Relational databases usually keep data about the current state of things - about how things are now. Updates do occur, of course; but when they do, they overwrite the data already there. In doing so, history is lost. We can't tell how things used to be. To tell how things used to be, as well as how they are now requires that we introduce time into our databases.
This series of articles on a very technical topic is motivated by the fact that increasingly, businesses need real-time access to historical data. No longer can all historical data be pushed off onto archive files or onto less immediately accessible historical databases. The objective of this series of articles is to show how to provide real-time access to history in particular, and to any kind of noncurrent data in general, and to show how to do so using the relational database management systems (DBMSs) and SQL that are available today.
First, a note on terminology. It will often be convenient to talk about history, because that is the kind of noncurrent data that businesses are primarily concerned with. But the real topic is the representation of time in relational databases, whether past, present or future time, whether real-world or database time, whether actual or hypothetical time, whether linear or branching time.
Managing time in today's relational databases is difficult. With more than 50 years of combined experience in data and database management, we have encountered no database model more complex for its size than the model we will propose, no queries fraught with more possibilities for misstatement and misinterpretation than queries against databases that attempt to manage time. But we know of no simpler way to meet business requirements for real-time access to what we will call "versioned history."

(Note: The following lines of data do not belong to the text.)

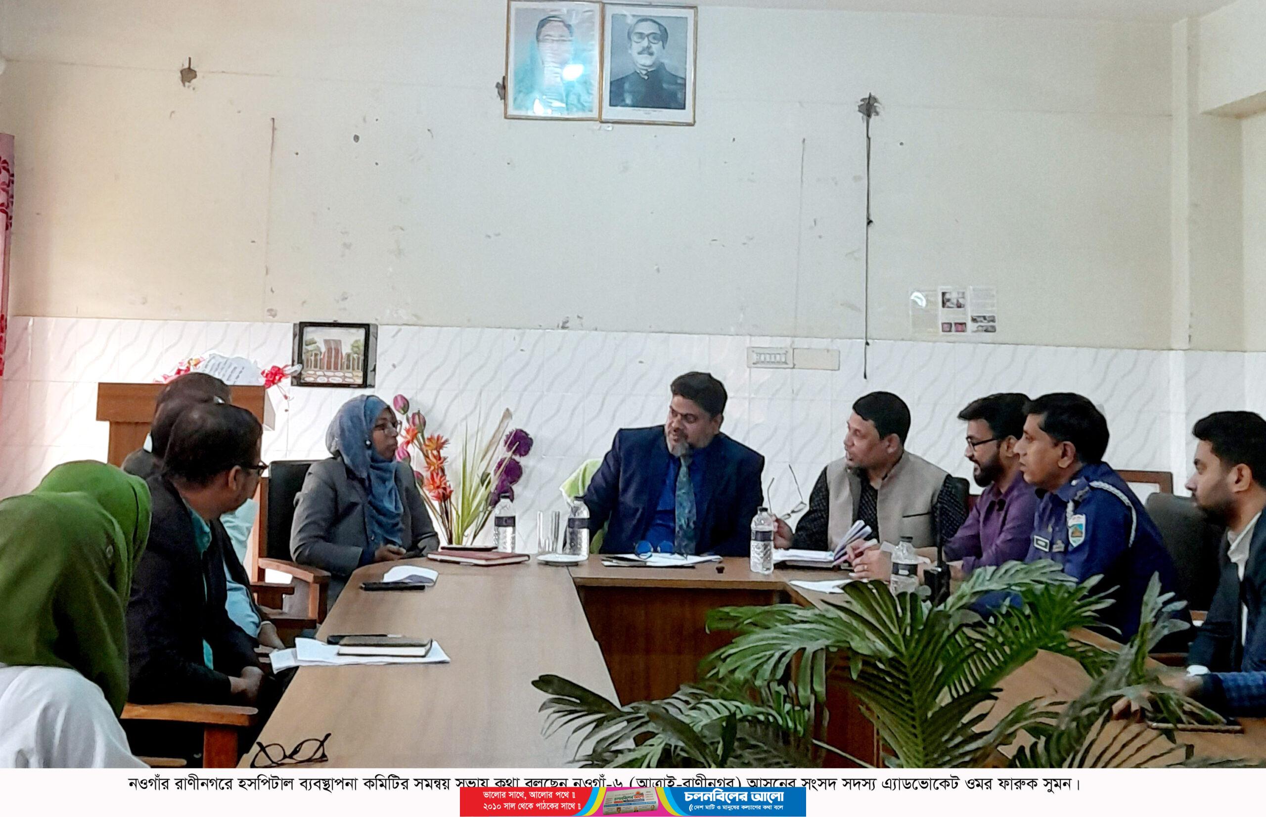 নওগাঁর রাণীনগরে উপজেলা স্বাস্থ্য কমপ্লেক্সের ব্যবস্থাপনা কমিটির সমন্বয় সভা অনুষ্ঠিত হয়েছে। রবিবার দুপুরে নওগাঁ-৬ (আত্রাই-রাণীনগর) আসনের সংসদ সদস্য এ্যাডভোকেট ওমর ফারুক সুমন’র সভাপতিত্বে স্বাস্থ্য কমপ্লেক্সের হল রুমে এ সভা অনুষ্ঠিত হয়।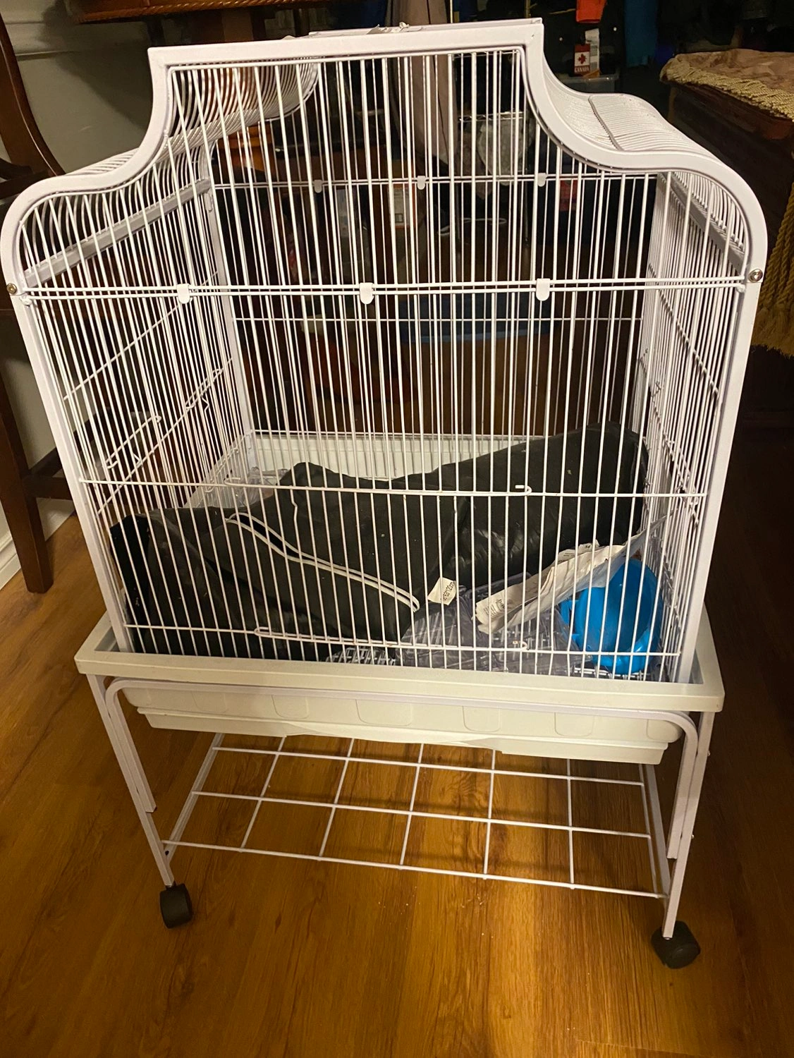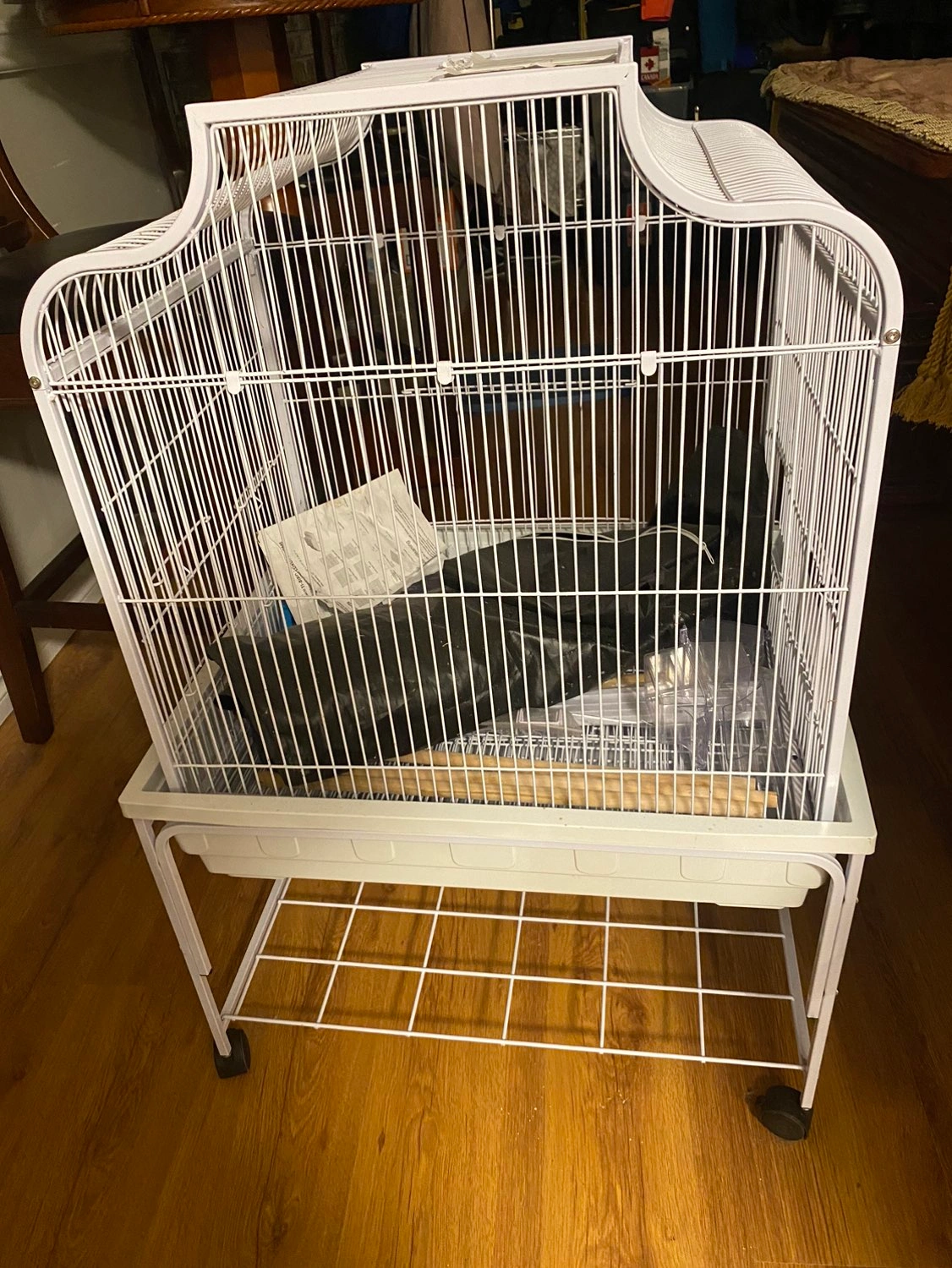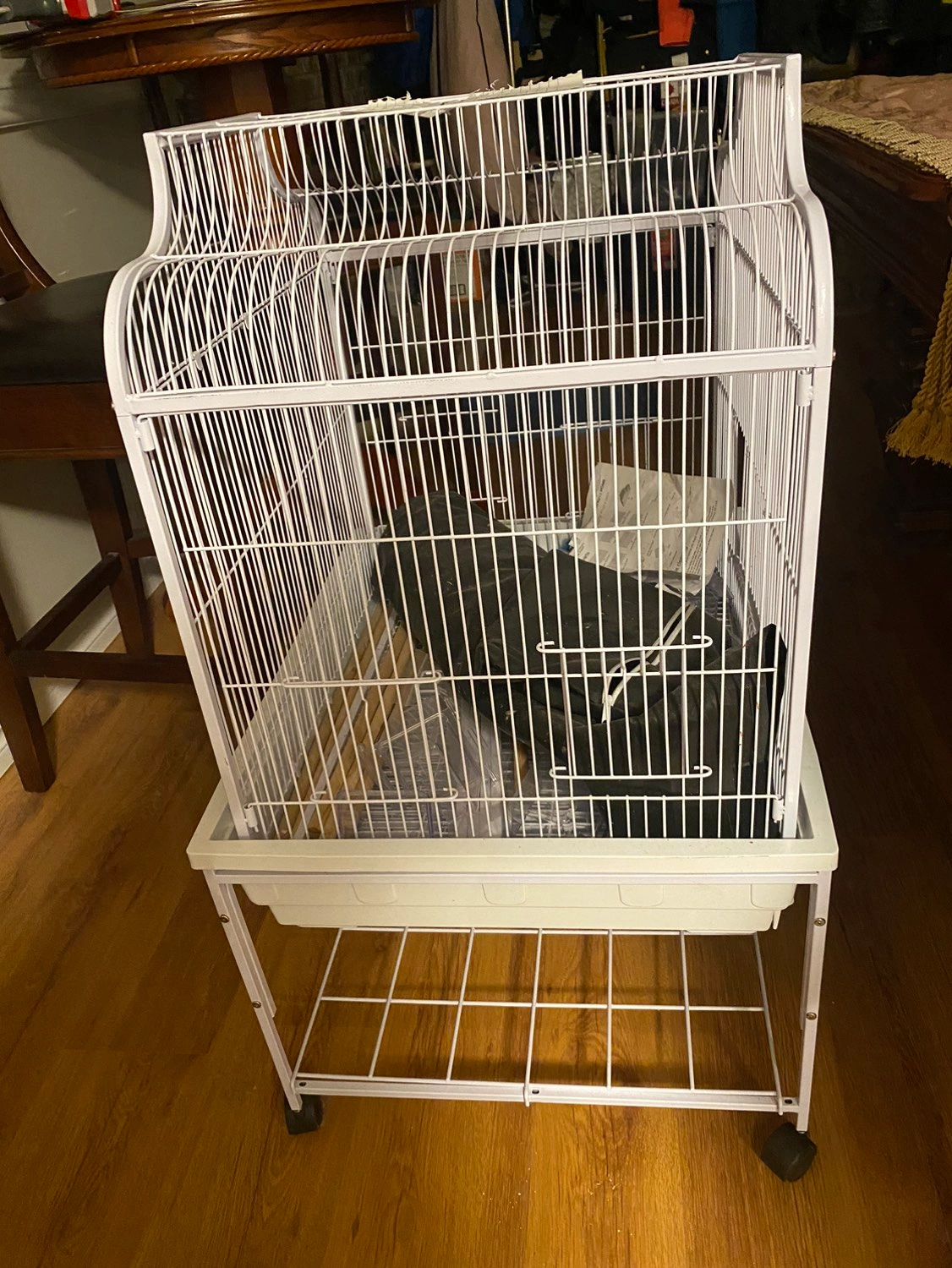 Habitat Dimensions: 25” L X 21” W X 54.5” H. 4 covered food and water cups. Crossbar and 10 perches. Storage rack, easy slide up door on front for interaction with birds. Black cage cove. Easy clean pull out drawer. Cage is on wheels. Quick disassemble/assemble. Instruction manual included.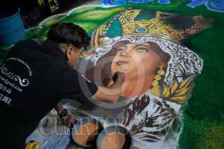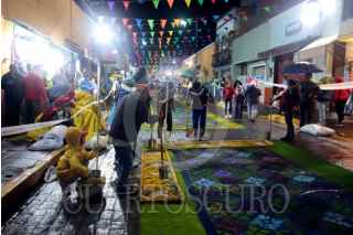 HUAMANTLA, TLAXCALA, 15AGOSTO2025.- Los tapetes monumentales de aserrín son el elemento central de "La Noche que Nadie Duerme", una tradición que se celebra cada 14 de agosto, que celebra a la Virgen de la Caridad. Estas alfombras son elaboradas a mano con aserrín teñido, flores y otros materiales naturales a fin de cubrir decenas de kilómetros de las calles por donde pasa la procesión. Su elaboración puede tardar hasta 12 horas y participan familias, colectivos y artistas locales. FOTO: MIREYA NOVO/CUARTOSCURO.COM

However, very little support for time management has yet been provided by DBMS vendors or is specified in the current SQL standards. The complexity of time management cannot be hidden, as it ultimately must be, inside the DBMS itself, with declarative interfaces provided in extensions to the SQL DDL and DML languages.
But businesses need robust and reliable time management in their databases now, not eventually. So we take a do-it-yourself approach. And the first thing we must do ourselves is find a way to encapsulate both time management data structures and the additional complexities in SQL statements that are required for time management data access.
As for updating temporal data structures, all updates should be mediated by application program interfaces (APIs). If an operational data store (ODS) or data warehouse is the database being updated, the API function will be provided by the extract, transform and load (ETL) process, whether hand coded or implemented with a commercial ETL tool.
For retrievals against temporal data structures, all queries should access a set of view tables from which as much of the technical detail of managing time will have been removed as possible. These tables will satisfy the following two requirements:
- When point-in-time data is wanted, these view tables will look, column for column, like tables that are not temporally managed, i.e., like "typical" or "normal" tables in a database.
- When that desired point in time is now, these view tables will guarantee that existing retrievals will remain completely unaffected as time management is added to the tables they access.
We should think of these temporal tables as no more accessible to the end user, DBA or developer than are the dynamic balanced-tree access method structures that provide the file storage subsystem for many commercial DBMSs. The only database users able to directly manipulate these temporal tables should be:
- The developers who translate source system or end-user-supplied update transactions into updates to these temporal tables, and
- The developers who write the CREATE VIEW statements that encapsulate these tables for retrieval transactions.
Figure 1 illustrates the encapsulation necessary to hide the complexities of temporal database structures from both those who update those structures and those who retrieve data from them.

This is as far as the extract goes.